In this case, our goal clearly is to persuade North Korea to terminate its nuclear weapons program. We might be willing to accept a freeze, but that would be a secondary, much less valued goal, because the very existence of the program poses an existential threat to the United States, given Pyongyang’s ties to terrorists and its willingness to sell weapons as if they were foodstuffs.

On the “love” side of the equation, we should offer as many goodies as we possibly can. This means ending existing U.N.-authorized economic sanctions as well as forgoing additional sanctions we have been calling for, not only involving caviar and luxury goods desired by the North Korean elites but access to financial markets, hard currency and technology critical to economic development. 

We have to coordinate with China, because North Korea has been heavily dependent on coal exports to China for foreign currency earnings, oil imports from China for 90 percent of its oil needs and the import of 500,000 tons of grain annually to feed its people.   

We must also provide security guarantees that we will not invade North Korea and will not seek regime change. We should also offer to reduce our military presence in South Korea, with the approval of the Seoul government. Even if we were to withdraw completely, we could redeploy fairly quickly if we had to. And, yes, we might well agree to a truce formally ending the Korean War.  

Just as it will be a challenge to get North Korea to accept the credibility of any such American guarantees, given the U.S. invasion of a WMD-less Iraq and Libya, it will likewise be a challenge for the United States to obtain an adequate inspection regime that can verify North Korean nuclear disarmament, given the difficulty of accounting for all nuclear material and their location.

On the “tough” side of the equation, the United States should gently but firmly warn North Korea, along with China, that if  our proposal is rejected, we will build up missile defenses in Asia and, as former Secretary of Defense Robert Gates recently suggested, will shoot down “anything we think looks like a launch of an intercontinental ballistic missile” from North Korea. We should threaten to tighten the economic noose further, going after banks and companies that do business with North Korea. Rather than help legitimize the Pyongyang regime, we should be prepared to increase its isolation internationally.

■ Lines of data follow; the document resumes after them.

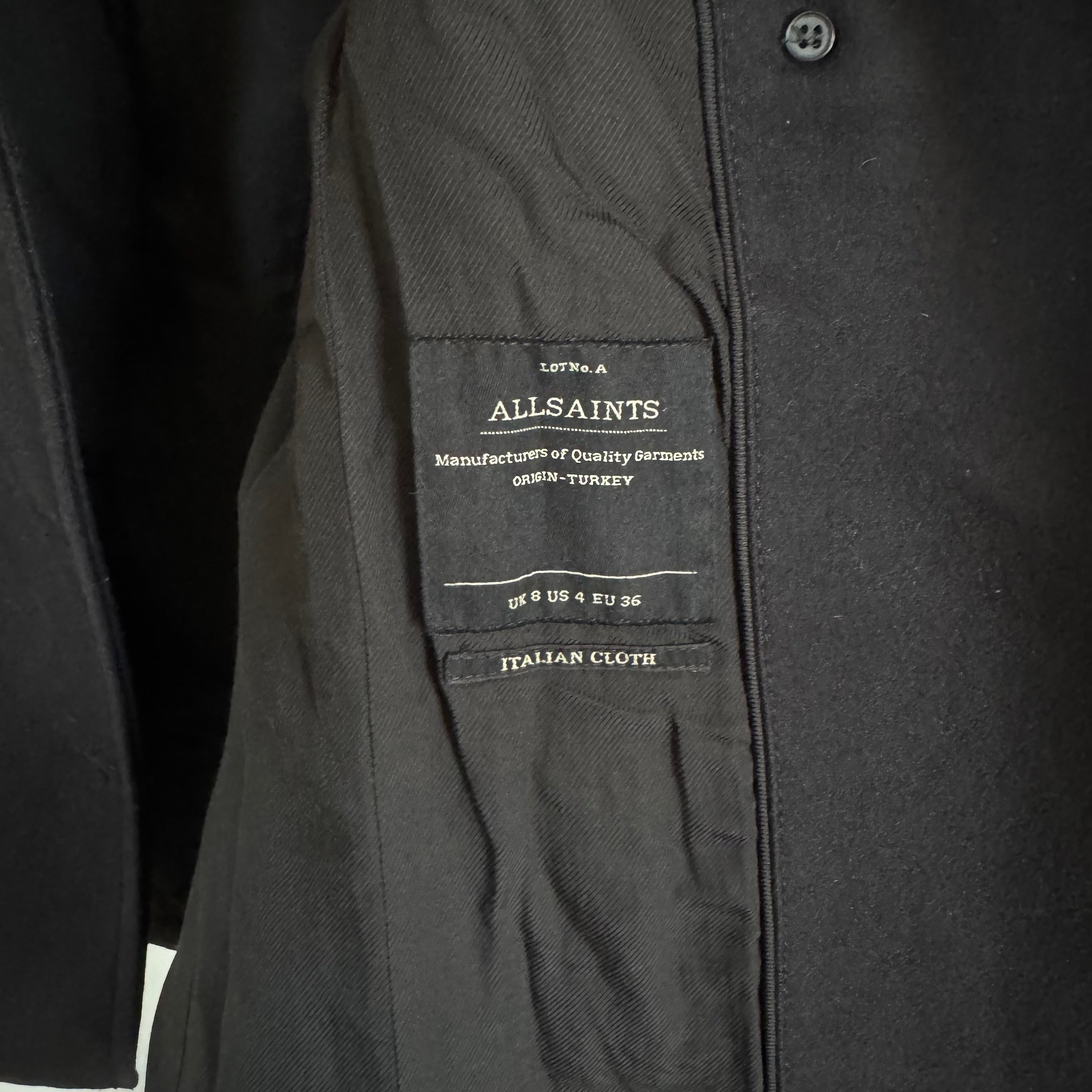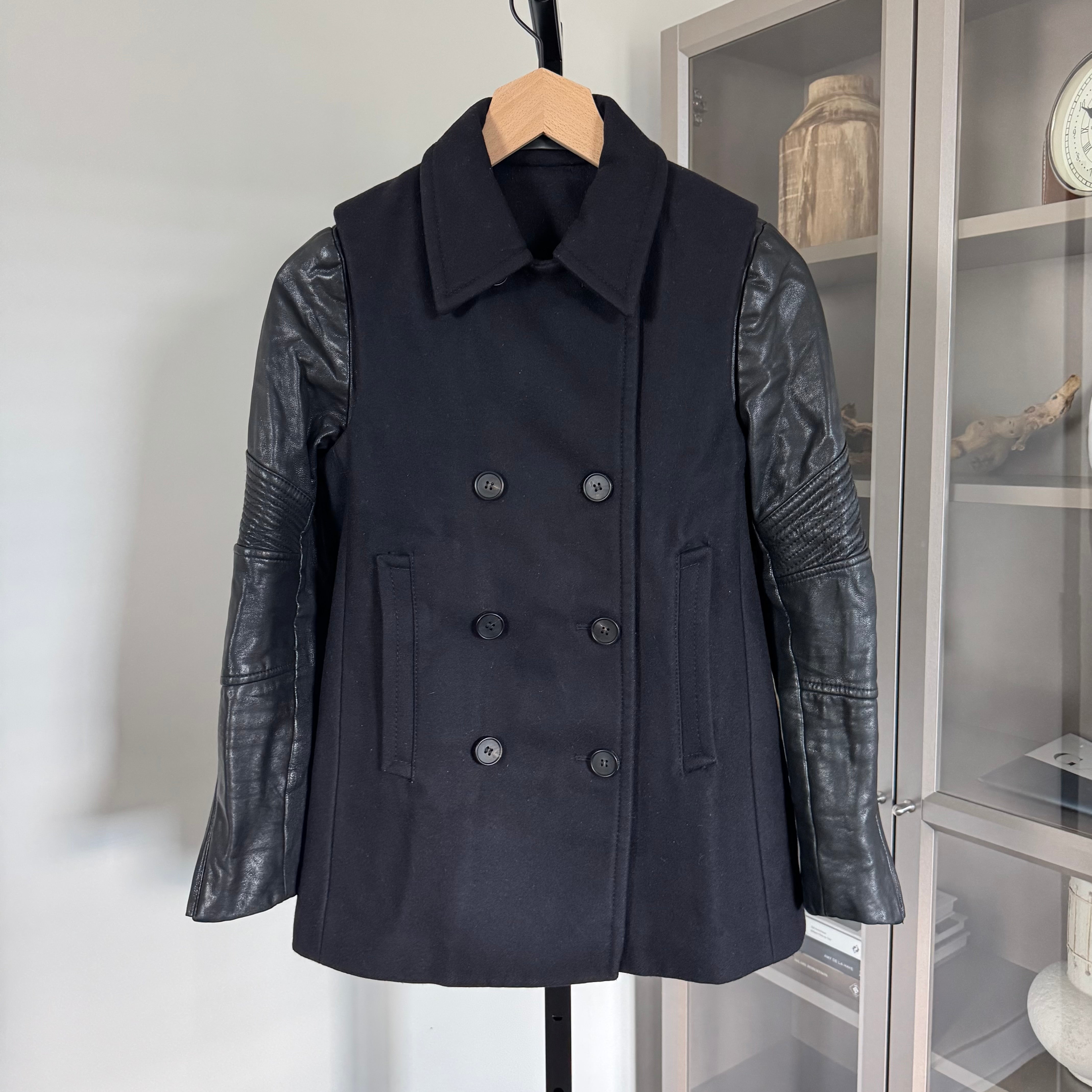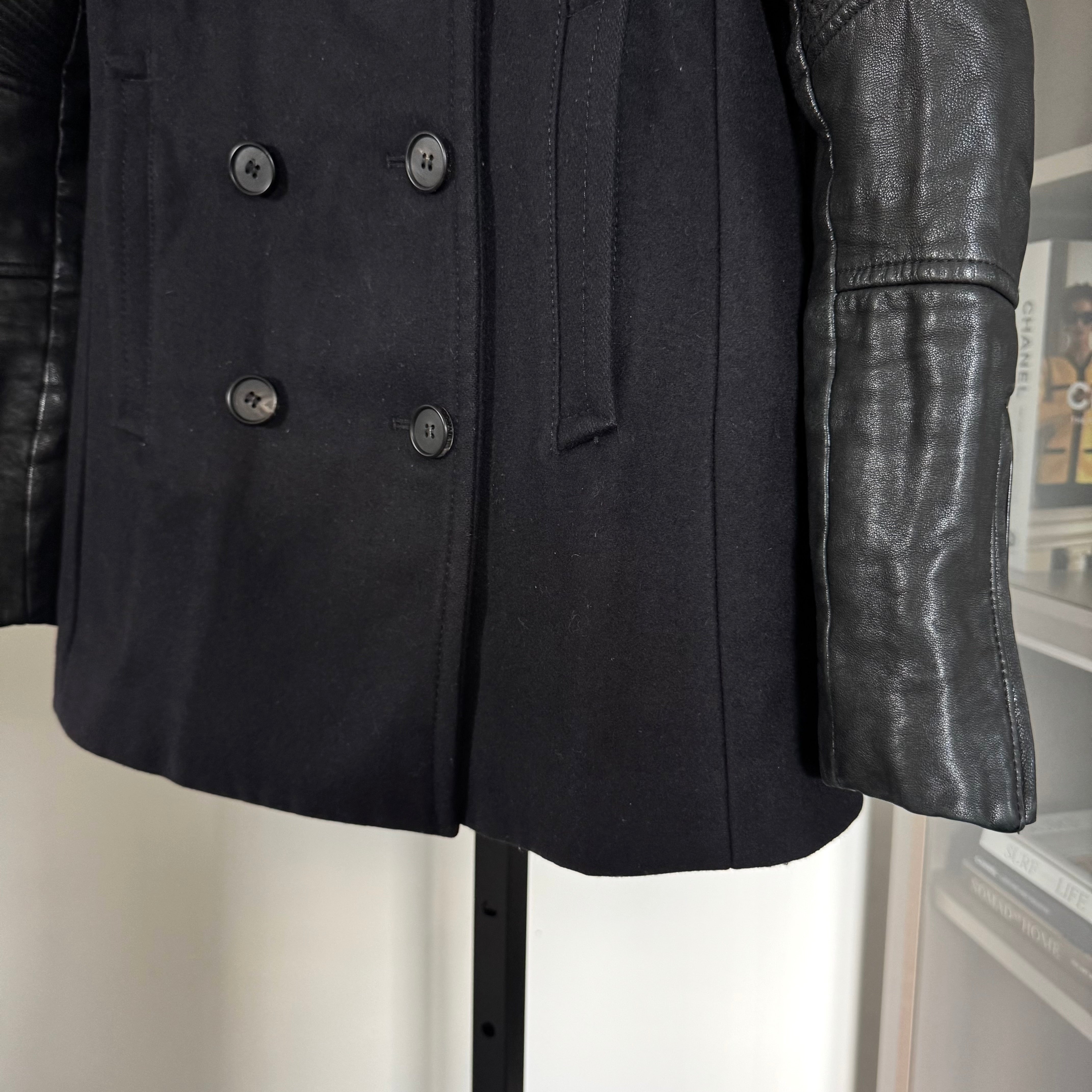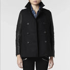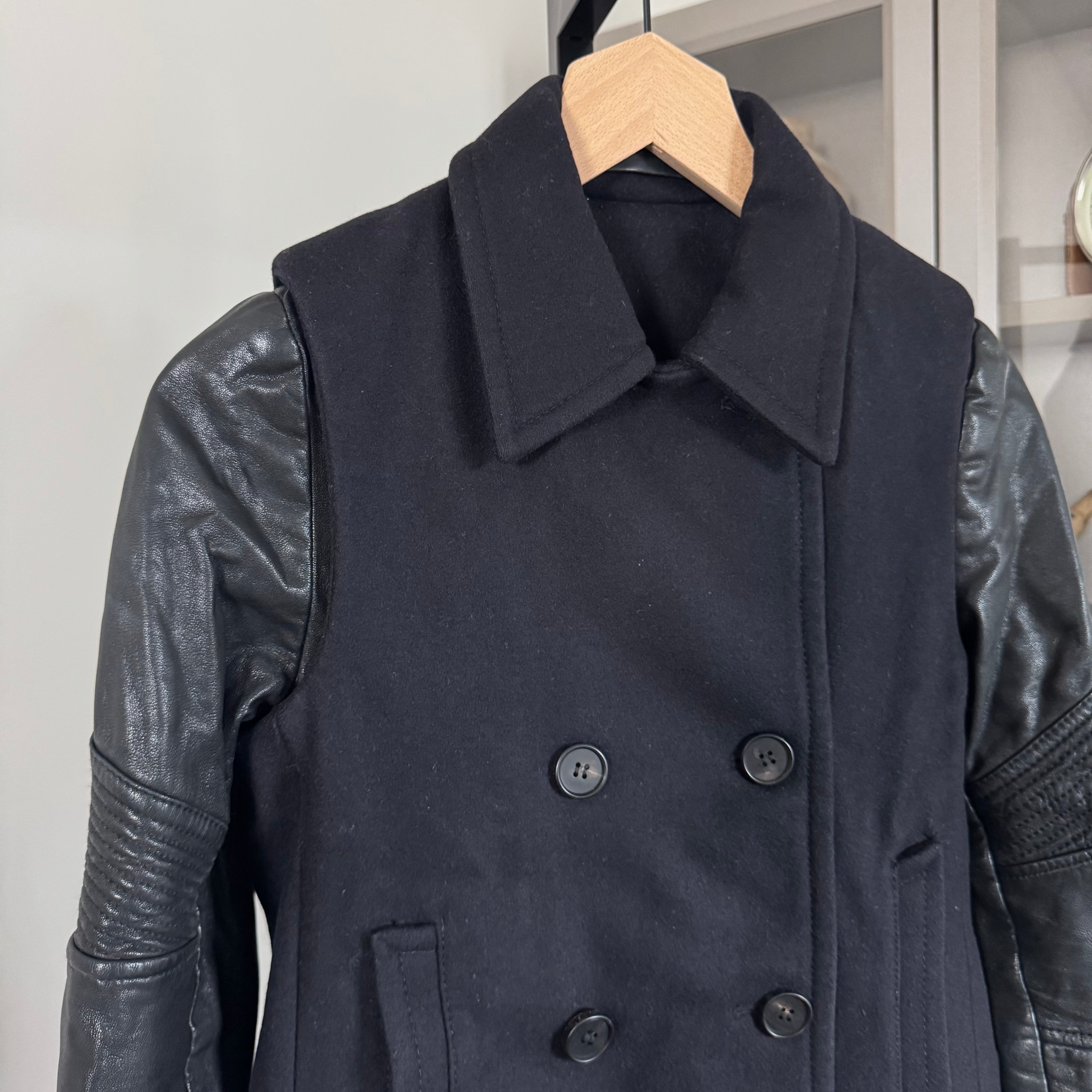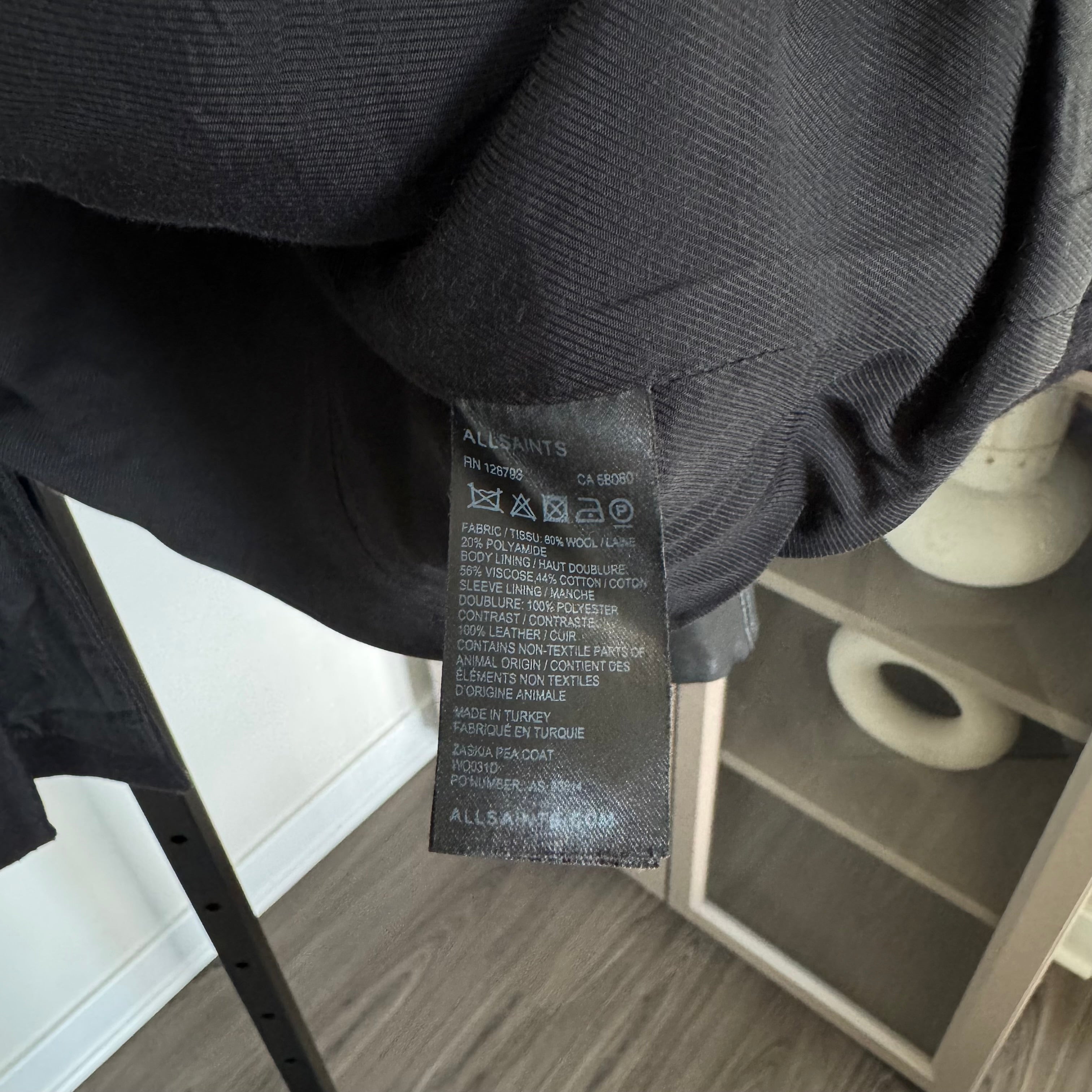 All Saints Zaskia Black Wool Leather Sleeve Double Breasted Peacoat
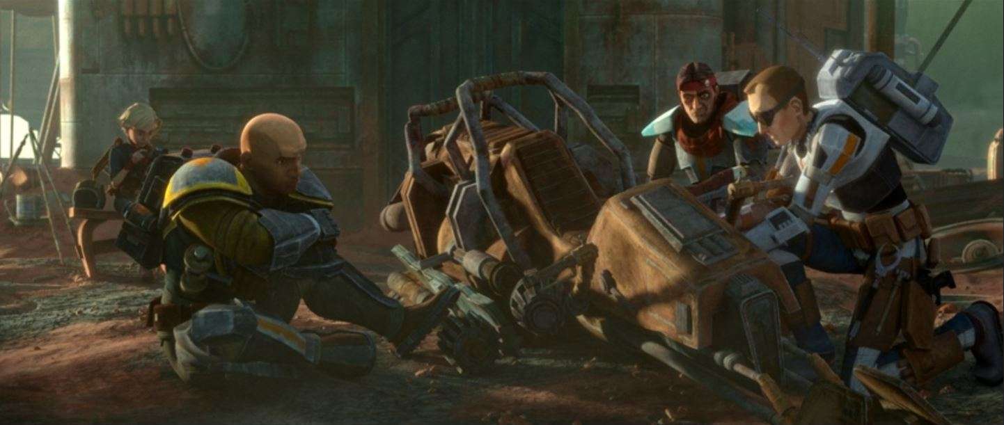 I problemi però non sono finiti, Omega e Benni vengono catturati da Mokko e i suoi, mentre la Bad Batch viene anch’essa scoperta da degli operai. Dopo un tentativo di fuga i diretti interessati si ritrovano su un ponte della miniera, con la Batch che prova invano a salvare Omega dalle grinfie di Mokko. Quando tutto sembra perduto ecco che accade l’inaspettato.
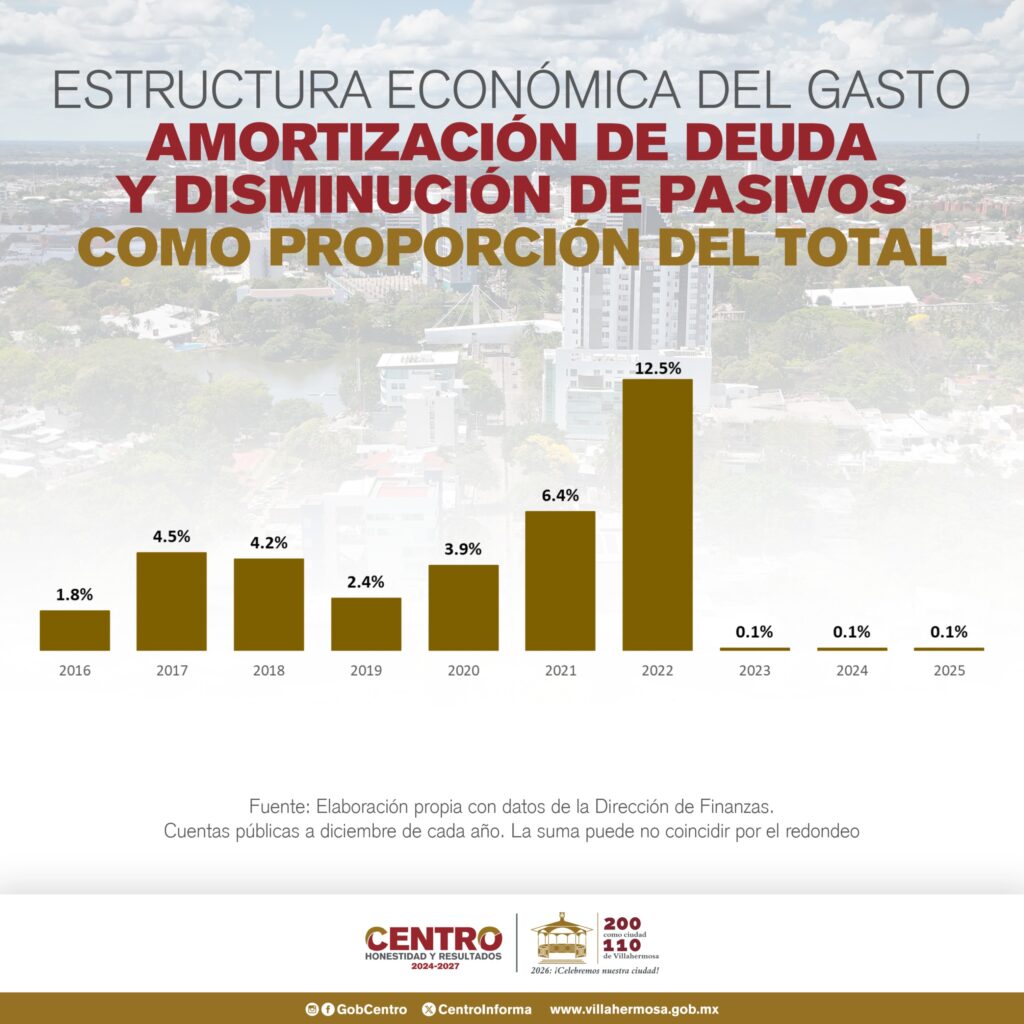 El hecho de que en casi un lustro el municipio de Centro rompiera con la tendencia a utilizar recurrentemente créditos de corto plazo para sostener su presupuesto, ha sido considerado positivamente por Fitch.
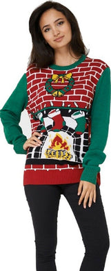 Unisex Ugly Christmas Green & Red Multi Fireplace Jumper
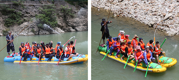 炎炎夏日,伙伴們對水的渴望更加強烈。張家界旅行的重頭戲便是前往素有“天下第一漂”美譽的猛洞河漂流,感受與水搏斗的激情和清涼。從“哈妮宮”出發(fā),順?biāo)拢蝗~扁舟,在原始次生林的高山峽谷之中,綠之韻營銷精英們身著救身衣、乘皮舟、闖險灘、博激流,沿途觀美景、沐瀑流、打水仗、過峽關(guān),出沒浪端谷底,激情高漲之時,忍不住放歌長嘯,戲水嘻鬧,找回快樂童真的自我。

If all else fails, we can send Dennis Rodman.

Seriously, the stakes could not be higher. We do not want to come home empty-handed, but we also do not want a repeat of a  1994 agreement in which we promised North Korea nuclear energy reactors and fuel supplies in exchange for their ending their production of weapons-grade material, only to see them renege on the understandings as they engaged in uranium enrichment. 

If Trump were miraculously to bring this deal off, the Nobel Peace Prize should be his, with Kim Jong Un and South Korean President Moon Jae-in possibly sharing it. (Never-Trumpers might want to award it just to Kim and Moon or China’s Xi Jinping rather than the Donald.) 

If Trump is unsuccessful, we are at grave risk. We should all be rooting for him.